Но когда она вернулась к их столику, на котором теперь стояли только три лиловых астры в зеленой стеклянной вазе и их чашки с кофе, Стелла заговорила первой:

— Прости, Луиза, за то, что я так на тебя насела. Боюсь, это у нас семейное. Все в нашем доме вечно дают друг другу непрошеные советы. Просить совета у кого-нибудь из Роузов опасно — получишь его с процентами.

— Нет, я обратилась к тебе, потому что знала, какая ты рассудительная. Просто все это так пугает. — И она добавила: — Не хочу участи бедной тети Анны.

Стелла метнула в нее острый взгляд.

— Знаю, что не хочешь, так что избежишь.

— Расскажи мне о себе. Я ведь ничего не знаю ни про твою работу, ни про остальное.

— Я осваиваю журналистику.

— Но почему здесь?

— Надо же где-то начинать. Проверенный способ — устроиться в какую-нибудь провинциальную газету и писать там обо всех местных событиях без исключения. Я пишу про свадьбы, любительские постановки, спортивные состязания, несчастные случаи, церемонии награждения, церковные праздники, базары, благотворительные события — про все на свете. Папа в бешенстве. Он не возражал бы, устройся я в учебно-просветительское приложение к «Таймс» или даже просто в «Таймс», но ему невыносимо представлять, как я кропаю заметки об оттенке платьев невест или о размерах выручки лотка на благотворительной барахолке. Он говорит, что только зря тратил деньги на мое образование. Мне следовало бы учиться на врача или юриста — так он говорит. А мутти все мечтает, что я сделаю прекрасную партию и выйду за баснословного богача, англичанина до мозга костей. Пришлось уйти из дома, потому что если они не напускались на меня, то начинали ссориться между собой. А тетя Анна считает, что мне следовало бы работать с детьми, которых привозили сюда из лагерей.

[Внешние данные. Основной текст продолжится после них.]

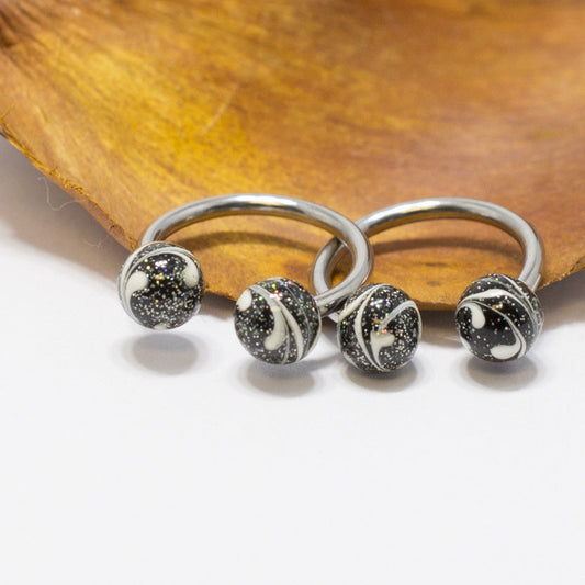 Surgical Steel Horseshoe Circular Barbell Ring 16 Gauge Swirl - 2 Pack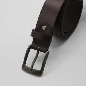 Dark Brown Leather Belt with Antique Rugged Buckle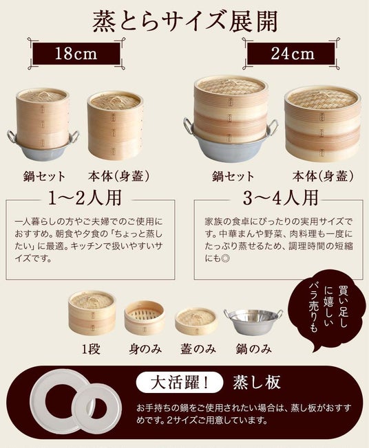 サイズは一人暮らしやご夫婦に最適な18cmと、家族用にぴったりな24cmの2種類をご用意。それぞれ単品購入のほか、蓋・身・鍋・蒸し板などを個別に買い足せるバラ売りも対応しています。専用鍋は燕三条のステンレス製で、段付き構造により蒸篭がぴったりフィットし、蒸気を無駄なく活用。鍋料理にも活躍します。

— Не знала, что эти дети здесь.

— В нескольких местах по всей стране. Папа вызвался консультировать их по медицинским вопросам, но разругался с тамошним начальством, потому что они строжайше требовали, чтобы вся еда была кошерной. А он говорил, что это идиотизм: ввиду состояния, в котором находятся дети, и при карточной системе восстановить их здоровье так будет гораздо труднее. Я поскандалила с ним по этому поводу.

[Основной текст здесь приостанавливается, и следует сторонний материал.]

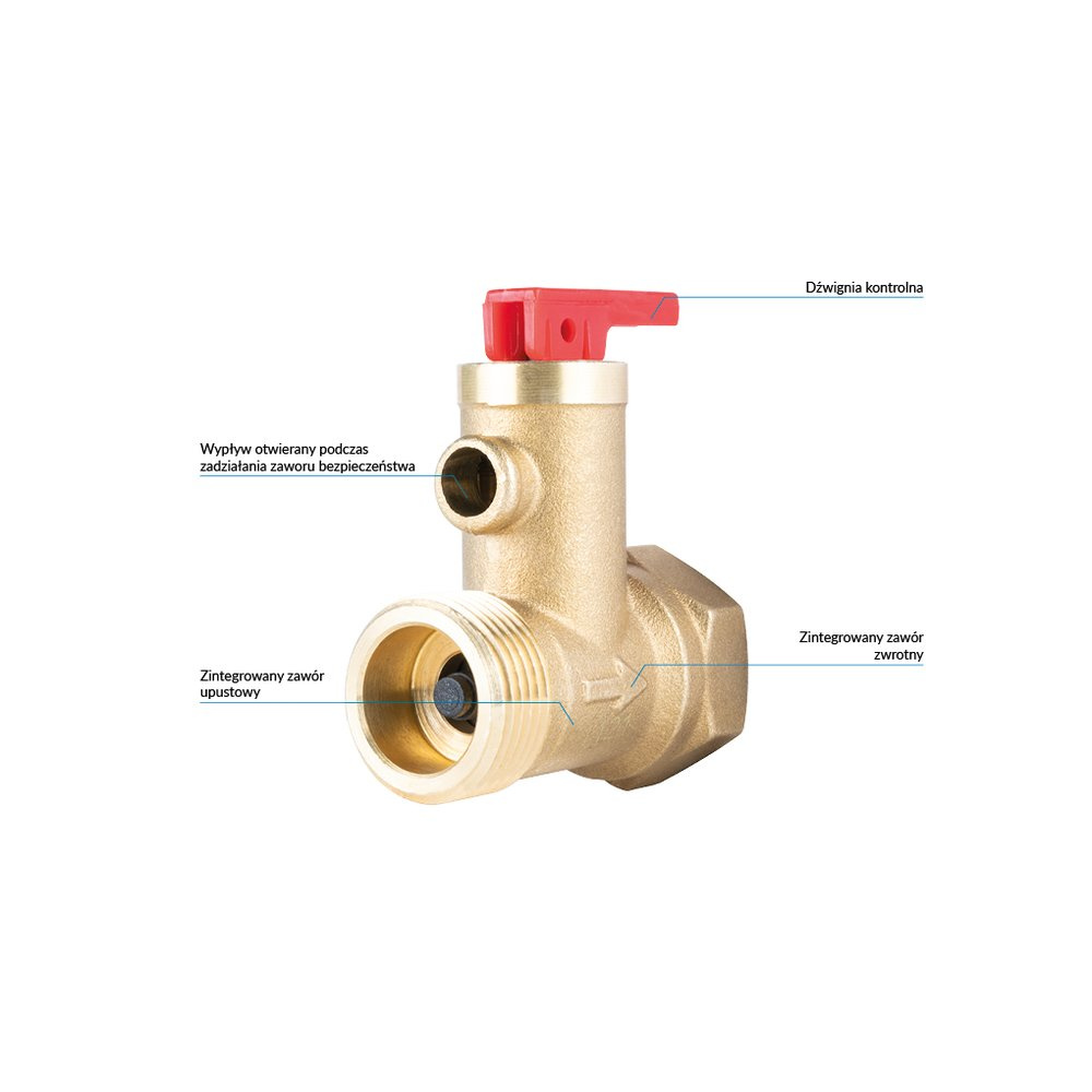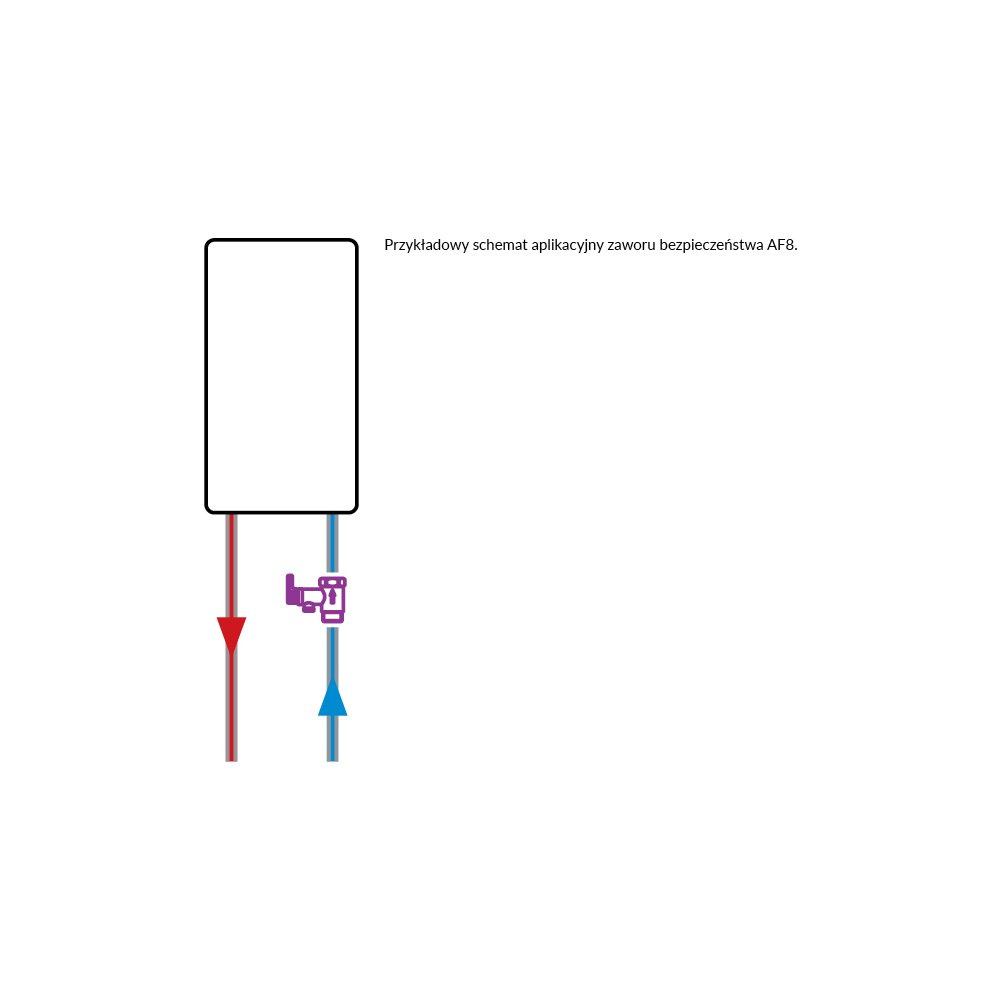 AF8 - zawór bezpieczeństwa z zaworem zwrotnym do elektrycznych podgrzewaczy c. w. u. Zawiera: zawór bezpieczeństwa, zawór zwrotny i zawór upustowy umożliwiający obniżenie ciśnienia w zasobniku.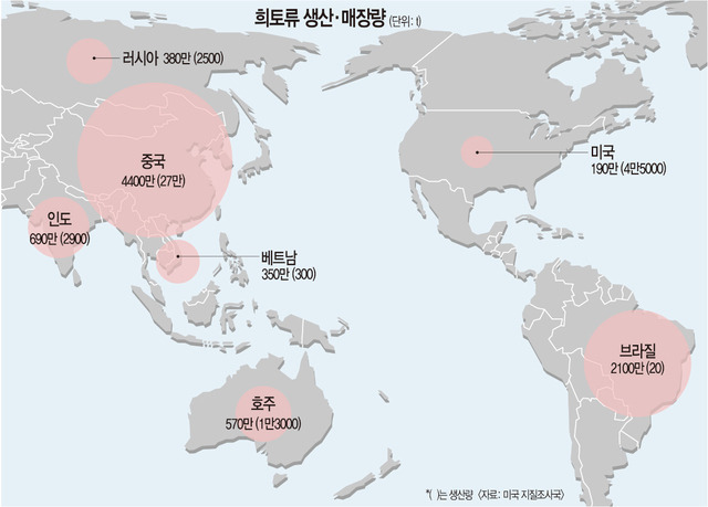 중국은 현재 희토류 매장량과 생산량 모두에서 세계 1위를 차지하고 있습니다. 미국 지질조사국(USGS)의 통계에 따르면, 2023년 기준으로 전 세계 희토류 자원의 총 매장량은 약 1억1000만 톤이며, 그중 중국의 매장량은 4400만 톤으로 전체의 약 40%를 차지하고 있습니다. 또한, 2023년 전 세계 희토류 생산량이 35만 톤인 가운데, 중국은 24만 톤을 생산하여 69%의 점유율을 기록하고 있습니다.

— Почему? Ты же не религиозна, зато практична. Значит, хотя бы в этом вопросе должна быть на его стороне, — разве нет?

— Дело не в том, что я не согласна лично с ним. Просто мне казалось, ему следует видеть смысл и в чужой точке зрения.

— Ну и какой он? С моей, единственное, что имеет смысл, — помочь им поправиться.

— Их вера имеет значение. Из-за того, что они евреи, они лишились всего — родных, страны, дома, средств к существованию. Все, что у них осталось, — это они сами. Евреи старшего поколения хотят, чтобы дети все помнили и принимали всерьез, а религия и есть стержень. Но папа не в состоянии преодолеть собственное неверие. Вечно он считает, что все должны рассуждать так же, как он. И, естественно, делать, что он скажет. — Она улыбнулась все той же циничной и сочувственной улыбкой. — Не делать, как скажет папа, проще, когда живешь вдали от него.

— Значит, у тебя здесь квартира или еще что-ни- будь?

— Угол. Я живу там же, где и ты раньше, — в Стратфорде. Когда-нибудь я пробьюсь в газету получше — в Лондоне, или в Манчестере, или в Глазго. Хотя бы амбиции у меня есть. Папа этим доволен.

Помолчав немного, она вдруг выпалила:

— Я думала о том, чтобы предложить приехать и помогать этим детям. Но когда понадобилось сесть и написать письмо, не решилась.

Луиза так и не поняла, что это — доверительность или откровенность.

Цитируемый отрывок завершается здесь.